Population (January 2023)
- • Total: 85,423
- • Density: 1,189.7/km^{2} (3,081.3/sq mi)

Gender
- • Male: 44,101
- • Female: 42,717
- Website: www.lukang.gov.tw/English/

= Lukang =

Lukang, formerly romanized as Lugang and also known by other names, is an urban township in northwestern Changhua County, Taiwan. The township is on the west coast of Taiwan, facing the Taiwan Strait. Lukang was an important sea port in the 18th century and 19th century. It was the most populous city in central Taiwan until the early 20th century. In March 2012, it was named one of the Top 10 Small Tourist Towns by the Tourism Bureau of Taiwan.

==Name==
The township's name, which means "Deer Port", came from its deerskin trade during the Dutch period. Its old Taiwanese name was Lok-a-kang (鹿仔港 (Lo̍k-á-káng)) and its shortened version is seen in English texts and maps as variants such as Lok-kang, Lokang and Lo-kiang.
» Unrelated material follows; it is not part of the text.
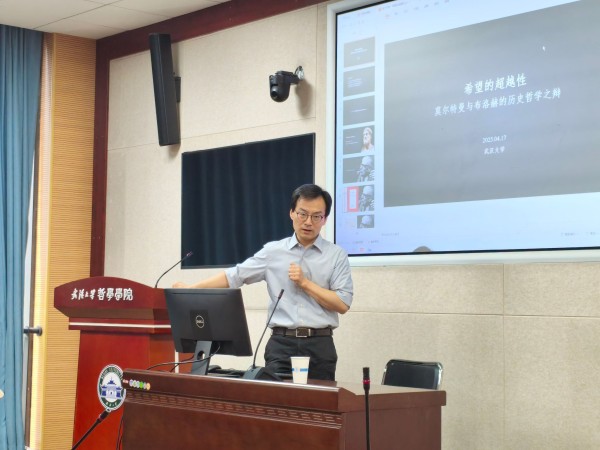 本网讯(通讯员 毕建伟)4月17日上午,华中科技大学哲学学院洪亮教授在武汉大学哲学学院B214报告厅进行了题为“希望的超越性:莫尔特曼与布洛赫的历史哲学之辩”的讲座。本场讲座由武汉大学哲学学院、武汉大学德国哲学研究所、武汉大学欧美宗教文化研究所联合主办,系“珞珈德国哲学讲坛”系列讲座第18讲。讲座由哲学学院外国哲学教研室王咏诗副教授主持,杨云飞教授担任评议人,中国社会科学院世界宗教研究所助理研究员王旭与70余位师生列席参与。

In 2011, the Ministry of Interior decided to keep the historical Wade-Giles spelling "Lukang" and abandon the change to the Pinyin spelling "Lugang" consistent with the switch to Tongyong Pinyin in 2002 and later Hanyu Pinyin 2009.

==History==

An important trading port during Lukang's heyday from 1785 to 1845, Lukang's population reached 20,000. Lukang was Taiwan's second largest city after Tainan and was larger than Bangka (now a district of Taipei), then the island's third-largest city. The rice industry brought great wealth to the city. During the late 1800s the most prominent families in Lukang were the Huang and Koo clans.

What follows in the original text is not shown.